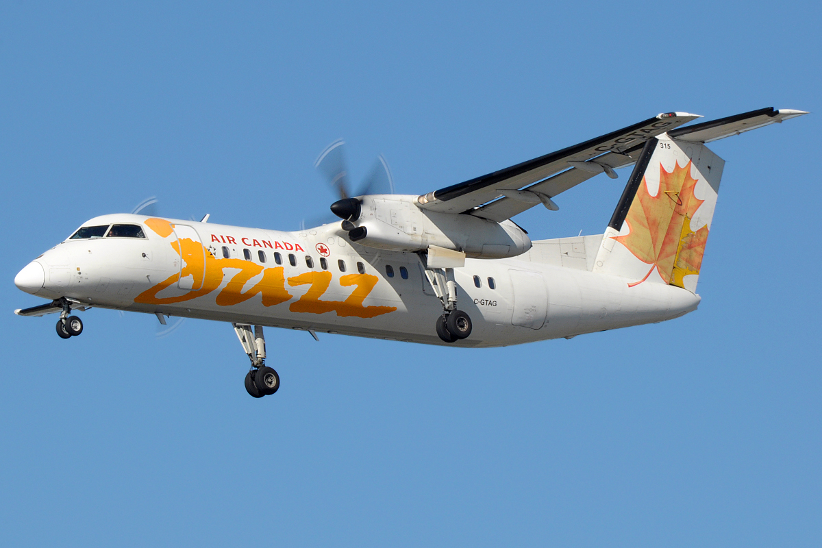 Air Canada Jazz Dash 8-300 landing in Vancouver
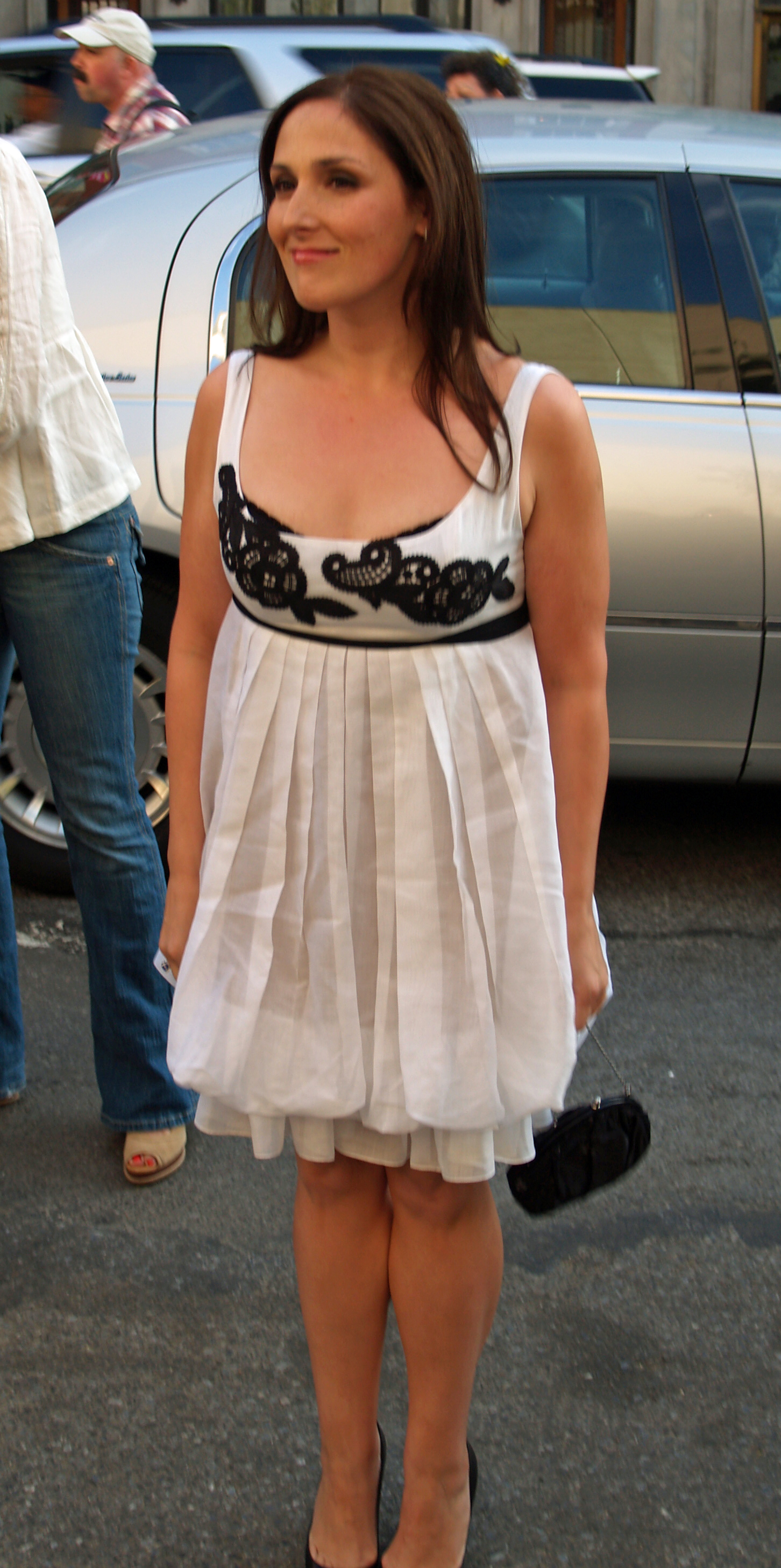 Ricki Lake at "Business of Being Born" premiere
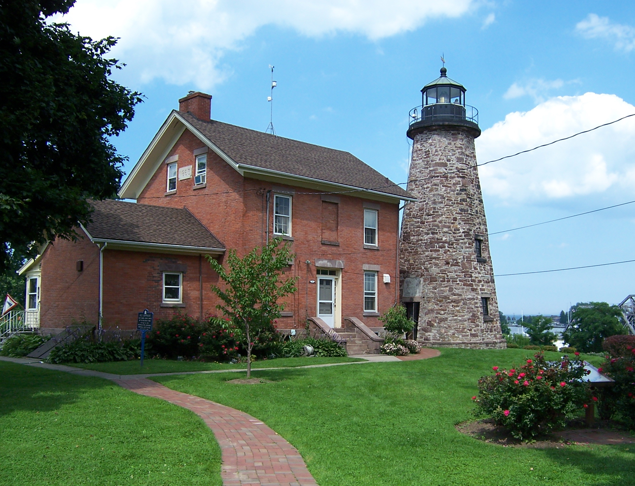 The Charlotte-Genesee Lighthouse in Charlotte, the northernmost neighborhood of Rochester, New York. Built in 1822, the light tower is 40 feet tall. It was deactivated in 1881. It was saved from destruction in 1965 and is now a museum operated by a nonprofit agency for Monroe County. It is listed on the National Register of Historic Places.
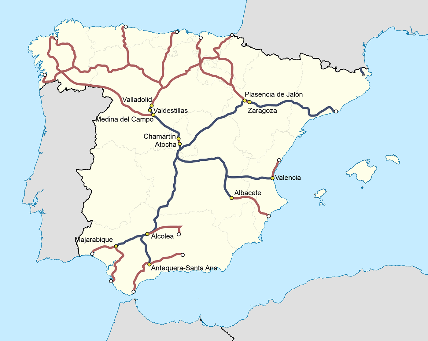 Map of high speed services in Spain with variable gague Blue: high speed lines (1.435 mm) Red: traditional lines (1.668 mm) Yellow: changing facilities High speed lines without variable gauge services are not displayed.
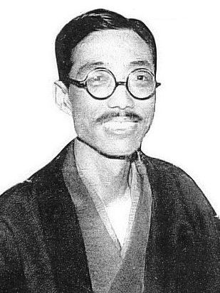 Sadanobu Fujii

================

WHAT TO PRODUCE:
Up to and including the line that contains "The Charlotte-Genesee Lighthouse", print the records above exactly from their first line, without any pictures.

EXERCISE RESPONSE:
 Air Canada Jazz Dash 8-300 landing in Vancouver
 Ricki Lake at "Business of Being Born" premiere
 The Charlotte-Genesee Lighthouse in Charlotte, the northernmost neighborhood of Rochester, New York. Built in 1822, the light tower is 40 feet tall. It was deactivated in 1881. It was saved from destruction in 1965 and is now a museum operated by a nonprofit agency for Monroe County. It is listed on the National Register of Historic Places.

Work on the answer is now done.